We will want to convert the data to a frequency per year basis, so some data manipulation will be required. We can groupby mag and generate a count for the type of event.

Yearly Frequency
Magnitude
4.5 114.054666
4.6 93.817577
4.7 77.117066
4.8 63.854895
4.9 46.663193
5.0 33.499260
5.1 24.952528
5.2 16.405796
5.3 14.342792
5.4 9.922068
5.5 8.939685
5.6 6.287251
5.7 6.581966
5.8 3.340102
5.9 4.420724
6.0 3.241864
6.1 2.455958
6.2 1.277098
6.3 1.277098
6.4 1.080621
6.5 0.884145
6.6 0.785906
6.7 0.392953
6.8 0.785906
6.9 0.392953
7.0 0.589430
7.1 0.098238
7.2 0.196477
7.3 0.294715
7.4 0.392953

As a fun exercise, I recreated the style that Nate Silver used in his book. Below is the code to generate the scatter plot.

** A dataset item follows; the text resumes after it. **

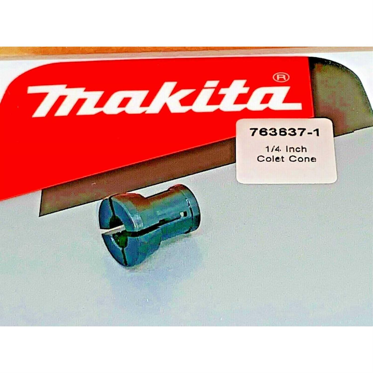 The Makita 763637-1 1/4 inch Collet Cone is a genuine Makita replacement part that is designed to securely hold 1/4 inch shank router bits in place. It is a high-quality, durable part that is made from hardened steel and features a precision-ground bore for accurate bit centering. This collet cone is compatible with the following Makita router models: RP0900K, RT0700C, RT0701C, DRT50, 3620, 3621, 3621A, RP1101, RT0700CX3, RT0700CX4, RT0701CX3, RT0701CX7 (sold separately). The Makita 763637-1 is a 1/4-inch collet cone designed for use with Makita routers. It is a direct replacement for the original equipment and is made from high-quality materials for added durability and long life. Please reference the tool manual before purchasing to ensure the proper fit and care of these tool parts.

fig, ax = plt.subplots(figsize=(16,9))
df_freq.reset_index().plot.scatter(x = 'Magnitude', 
                                   y ='Yearly Frequency', 
                                   logy=True, 
                                   ax = ax, 
                                   color = 'k', 
                                   s = 250, 
                                   marker = 'D', 
                                   clip_on=False)

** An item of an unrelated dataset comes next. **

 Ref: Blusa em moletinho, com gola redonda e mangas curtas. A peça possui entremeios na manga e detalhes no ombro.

plt.xticks(np.arange(4.5,9.6,0.5), size = 20)
plt.yticks(size=20)
ax.yaxis.set_major_formatter(ticker.FuncFormatter(lambda y,pos: ('{{:.{:1d}f}}'.format(int(np.maximum(-np.log10(y),0)))).format(y)))
ax.tick_params(width = 1, length = 10, which = 'major')
ax.tick_params(width = 0, length = 0, which = 'minor')
ax.tick_params(width = 1, length = 10, which = 'major')
ax.tick_params(width = 0, length = 0, which = 'major', axis = "x")

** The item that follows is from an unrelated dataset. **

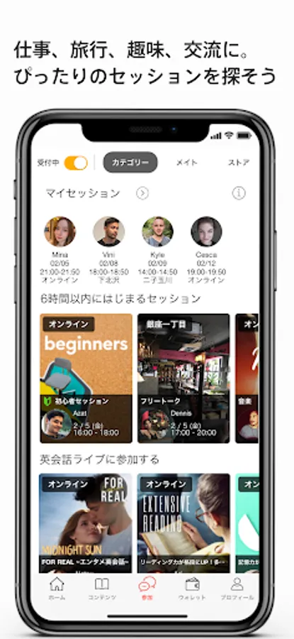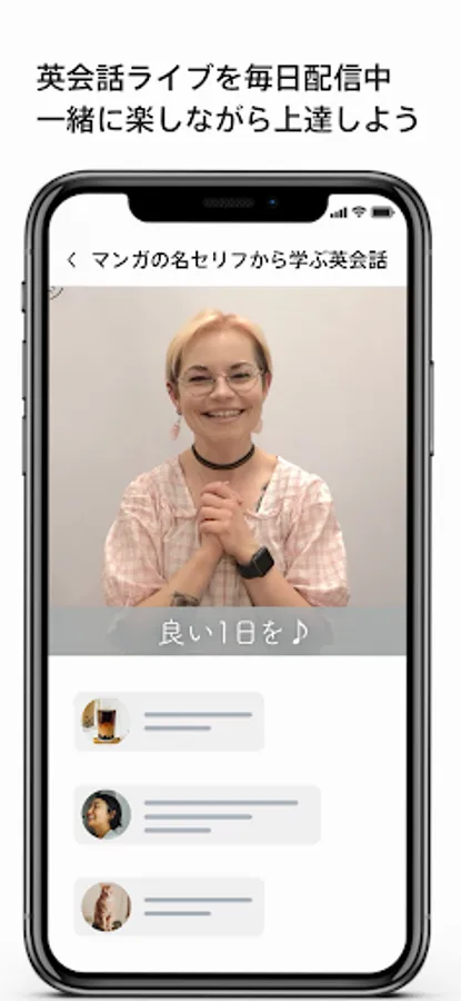 Learn from your favorite "English Conversation Live" from the app, join the "English Conversation Cafe" with a drink, and enjoy your daily life even more.

plt.hlines(1,0,10, color = 'k')

plt.xlim(4.5,9.5)
plt.ylim(0.0001,1000)

plt.grid(linestyle="--", linewidth = 2.5, alpha = 0.3)


plt.ylabel("Annual Frequency:\nEarthquakes of at least this magnitude", size = 20)
plt.xlabel("Magnitude",size = 20)
[ax.spines[i].set_visible(False) for i in ['top','bottom','right']]
plt.suptitle(f"{'TŌHOKU, JAPAN EARTHQUAKE FREQUENCIES'}\n{'JANUARY 1, 2001-MARCH 10,2011':<45}", 
             size = 20, 
             x = 0.2, 
             y = 1);

The chart doesn't exactly match Nate's due to the dataset being a shorter time time period (2000-2011) but it's a close enough match to create a linear model.

lm = LinearRegression()
X = np.array(df_freq.reset_index()['Magnitude']).reshape(-1,1)
y = np.log10(df_freq['Yearly Frequency'])
s = df_freq['Yearly Frequency']
lm.fit(X,y,s)
pred = 10 ** lm.predict(np.arange(0,11,1).reshape(-1,1)) 

The resulting model is a good approximation to Nate's with the estimated likihood of a magnitude earthquake happening once every 800 years while Nates's linear model predicts an event every 900 years.

Polynomial

Since I can't find too much info on the polynomial model, but the closest, least complicated model that can match Nate's polynomial model is
b4 mag^4 + b3 mag^3 + b2 mag^2 + b1 mag + b0. This model produces the following graph.